Task statement >> Starting with the line below that holds "John Harvie was" and stopping after the line that holds "从上图可以看出,2021年中", transcribe the lines exactly, leaving out all pictures.

Information supplied >>
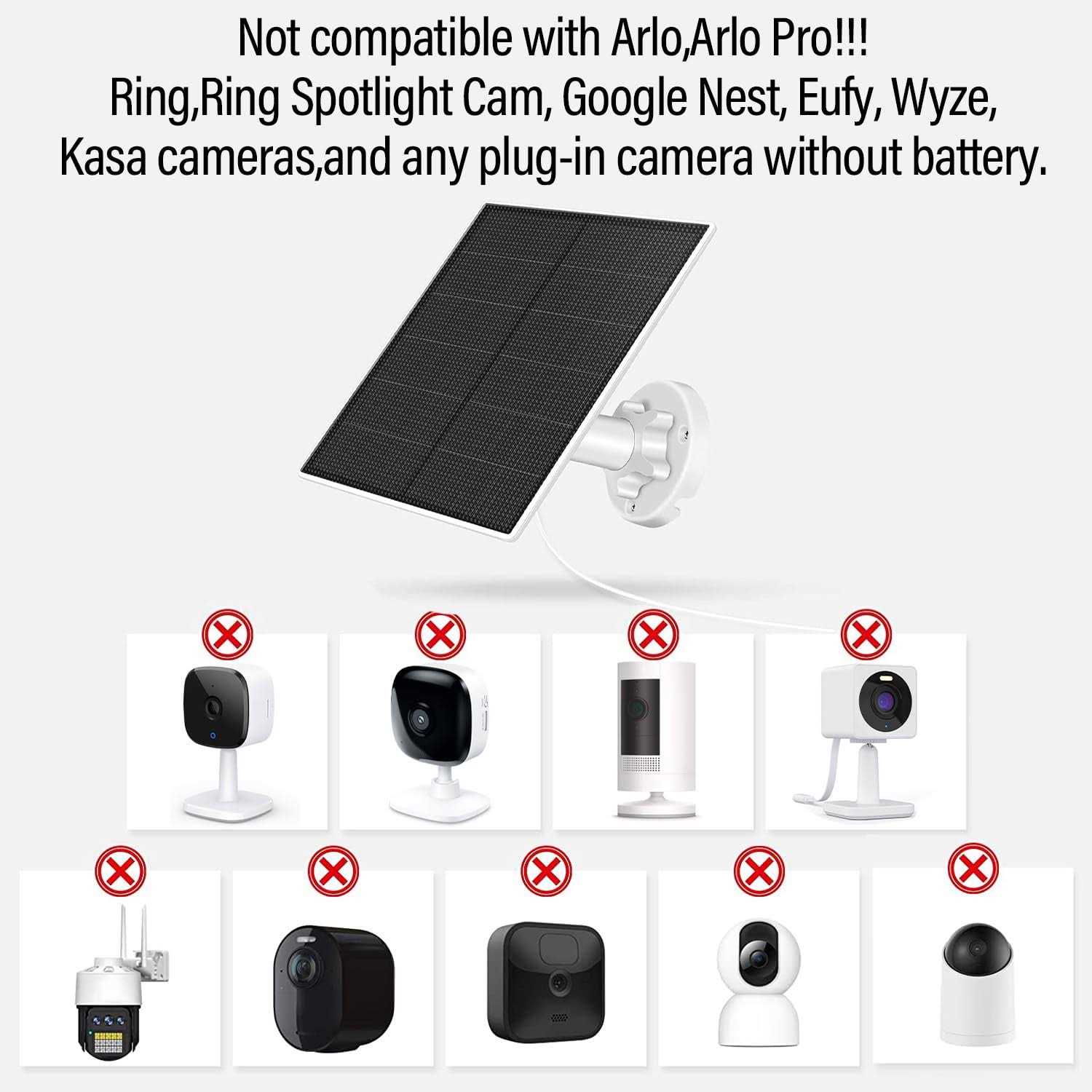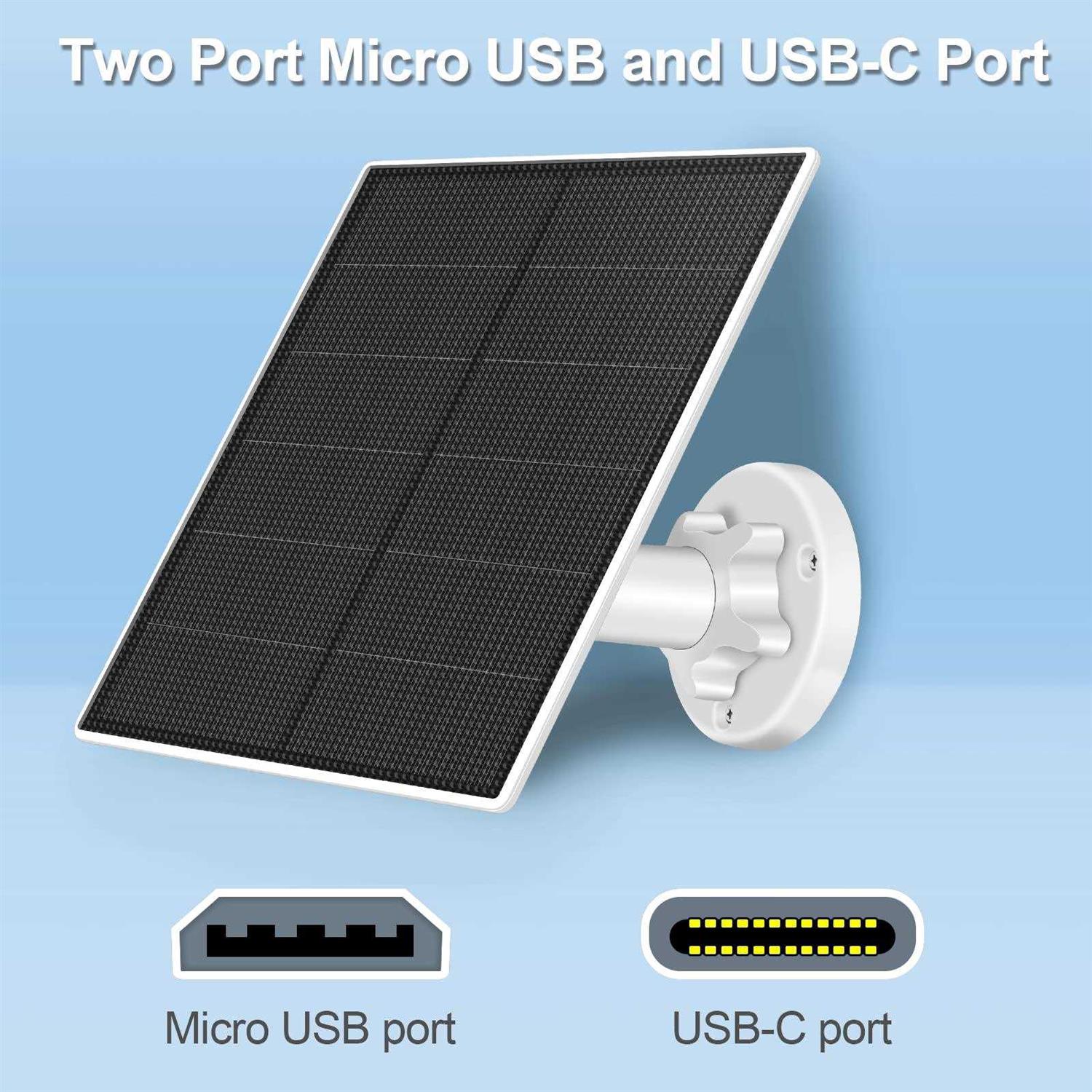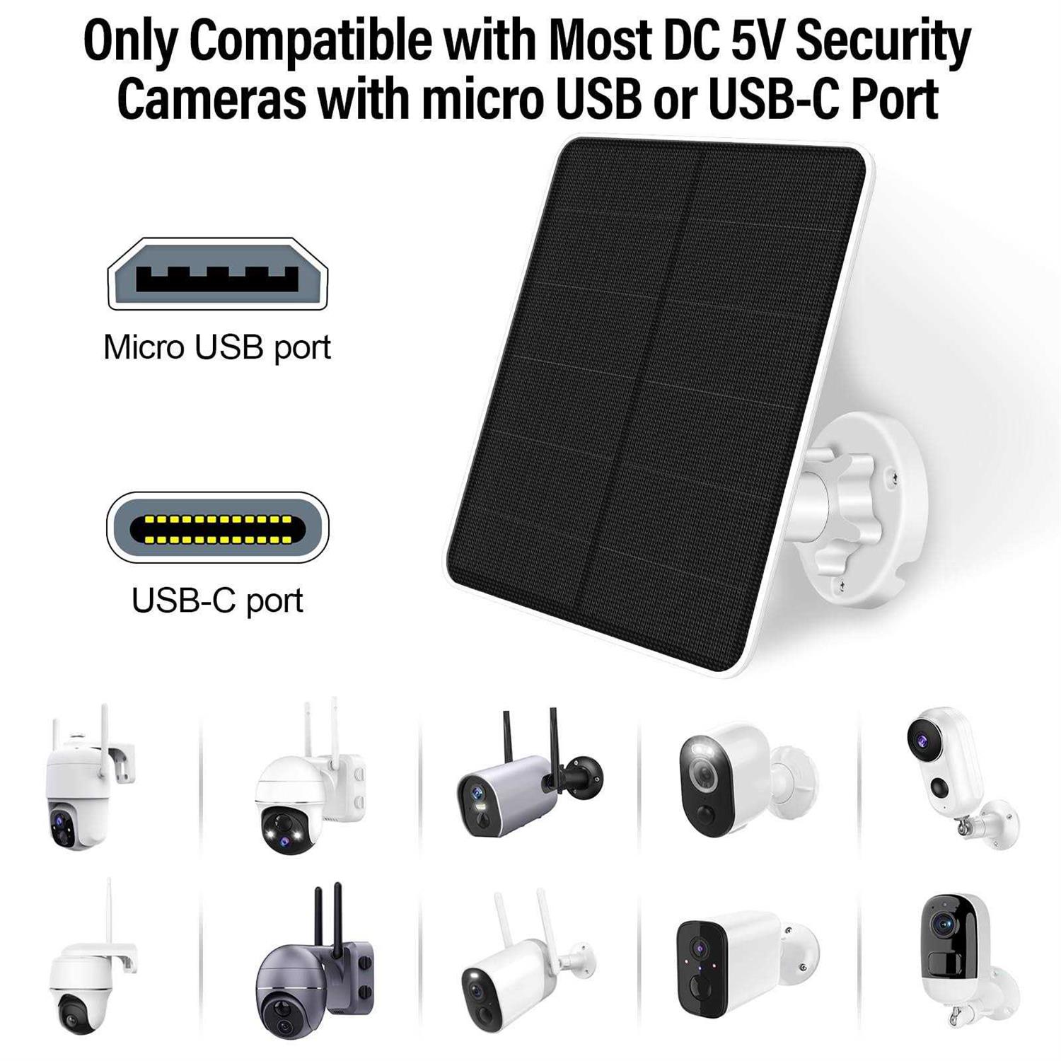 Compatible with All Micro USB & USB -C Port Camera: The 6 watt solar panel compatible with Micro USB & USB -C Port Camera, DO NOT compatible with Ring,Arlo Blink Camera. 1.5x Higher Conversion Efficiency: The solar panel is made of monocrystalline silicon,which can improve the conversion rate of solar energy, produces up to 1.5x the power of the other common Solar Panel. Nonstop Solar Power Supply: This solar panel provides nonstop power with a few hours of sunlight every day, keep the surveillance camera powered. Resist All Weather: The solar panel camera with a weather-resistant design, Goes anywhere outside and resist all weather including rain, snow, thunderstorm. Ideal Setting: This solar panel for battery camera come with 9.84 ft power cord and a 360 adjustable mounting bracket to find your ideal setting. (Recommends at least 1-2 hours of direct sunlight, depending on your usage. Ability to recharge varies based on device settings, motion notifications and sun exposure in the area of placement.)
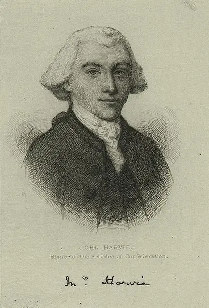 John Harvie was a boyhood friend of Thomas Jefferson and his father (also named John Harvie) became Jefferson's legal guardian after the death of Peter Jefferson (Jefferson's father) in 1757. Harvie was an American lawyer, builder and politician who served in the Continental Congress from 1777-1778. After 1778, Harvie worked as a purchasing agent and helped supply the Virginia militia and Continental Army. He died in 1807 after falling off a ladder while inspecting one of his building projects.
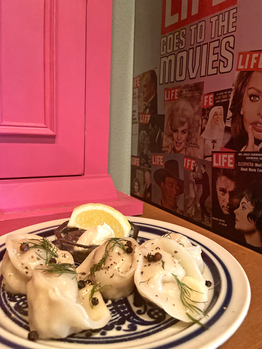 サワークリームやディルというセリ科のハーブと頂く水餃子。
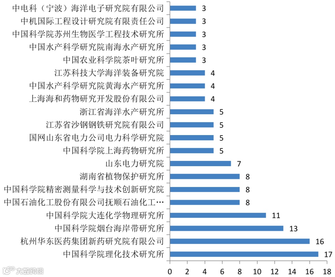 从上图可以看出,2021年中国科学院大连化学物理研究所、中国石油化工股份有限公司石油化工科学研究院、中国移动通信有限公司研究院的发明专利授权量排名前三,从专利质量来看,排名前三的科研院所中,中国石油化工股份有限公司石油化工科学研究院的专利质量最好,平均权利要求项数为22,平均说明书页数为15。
...
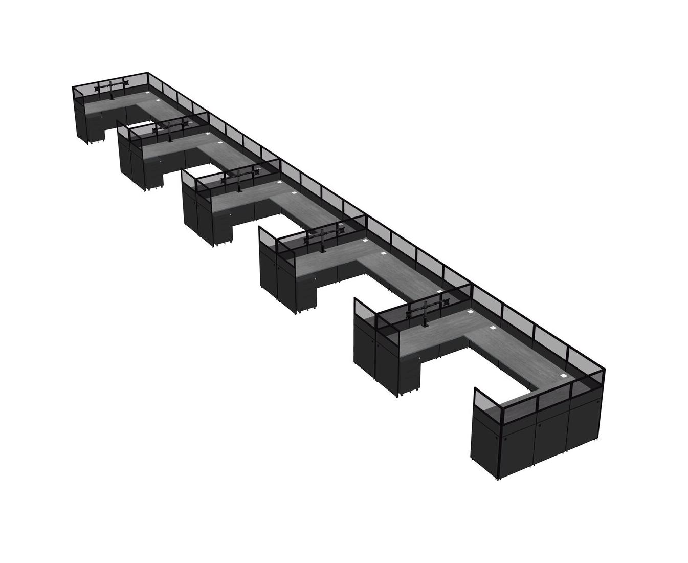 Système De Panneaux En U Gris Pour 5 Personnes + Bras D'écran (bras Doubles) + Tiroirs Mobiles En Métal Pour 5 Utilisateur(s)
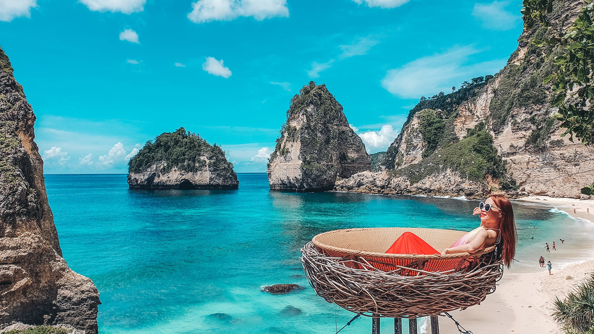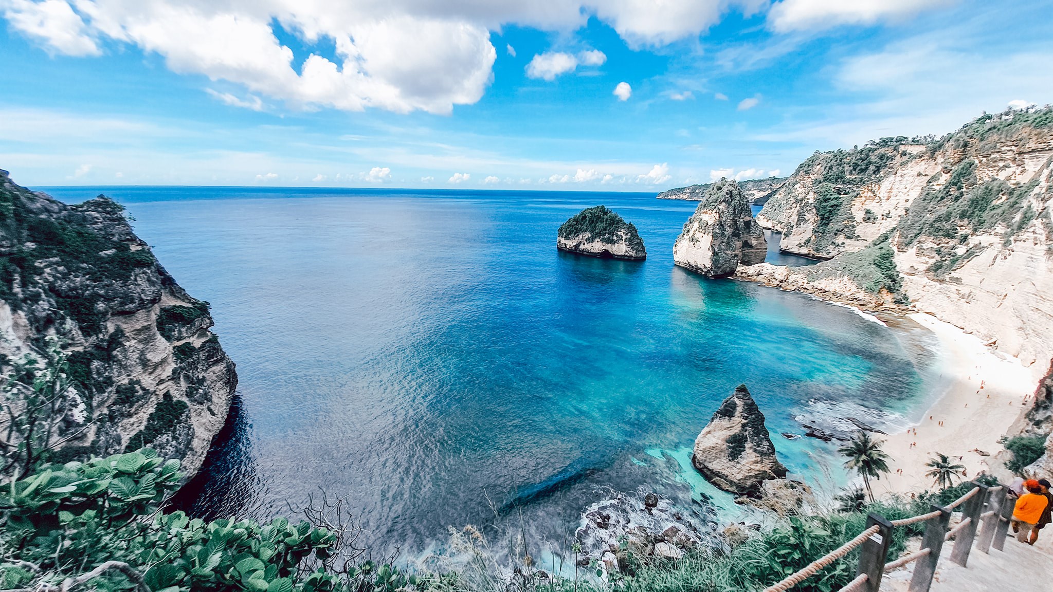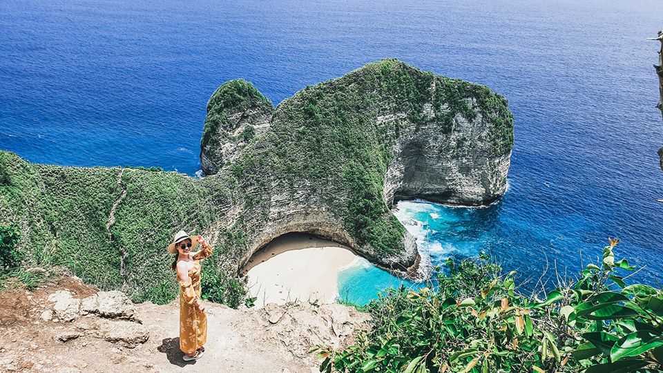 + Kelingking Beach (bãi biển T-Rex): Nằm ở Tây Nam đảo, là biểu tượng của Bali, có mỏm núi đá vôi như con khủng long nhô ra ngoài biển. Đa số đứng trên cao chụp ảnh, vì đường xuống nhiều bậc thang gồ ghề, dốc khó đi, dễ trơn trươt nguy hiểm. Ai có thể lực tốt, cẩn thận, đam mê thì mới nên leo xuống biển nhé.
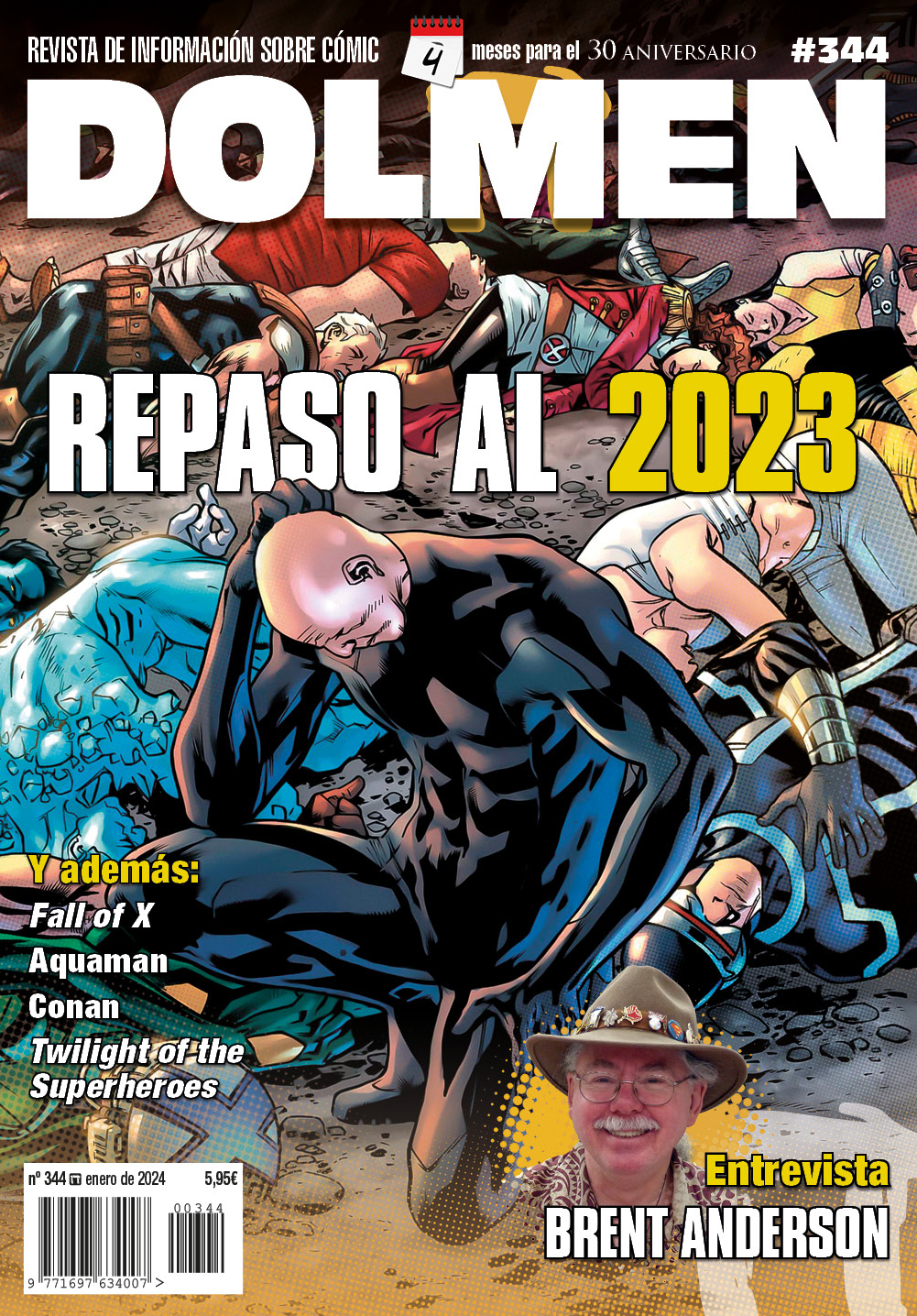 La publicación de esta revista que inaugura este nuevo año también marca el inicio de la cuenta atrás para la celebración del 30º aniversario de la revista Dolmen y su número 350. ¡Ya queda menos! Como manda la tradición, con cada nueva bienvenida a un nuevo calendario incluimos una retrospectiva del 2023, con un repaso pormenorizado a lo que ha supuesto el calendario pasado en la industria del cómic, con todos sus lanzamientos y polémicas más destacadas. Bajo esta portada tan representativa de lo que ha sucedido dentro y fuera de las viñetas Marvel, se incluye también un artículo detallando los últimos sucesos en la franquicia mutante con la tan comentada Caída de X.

Answer to the problem >>
 John Harvie was a boyhood friend of Thomas Jefferson and his father (also named John Harvie) became Jefferson's legal guardian after the death of Peter Jefferson (Jefferson's father) in 1757. Harvie was an American lawyer, builder and politician who served in the Continental Congress from 1777-1778. After 1778, Harvie worked as a purchasing agent and helped supply the Virginia militia and Continental Army. He died in 1807 after falling off a ladder while inspecting one of his building projects.
 サワークリームやディルというセリ科のハーブと頂く水餃子。
 从上图可以看出,2021年中国科学院大连化学物理研究所、中国石油化工股份有限公司石油化工科学研究院、中国移动通信有限公司研究院的发明专利授权量排名前三,从专利质量来看,排名前三的科研院所中,中国石油化工股份有限公司石油化工科学研究院的专利质量最好,平均权利要求项数为22,平均说明书页数为15。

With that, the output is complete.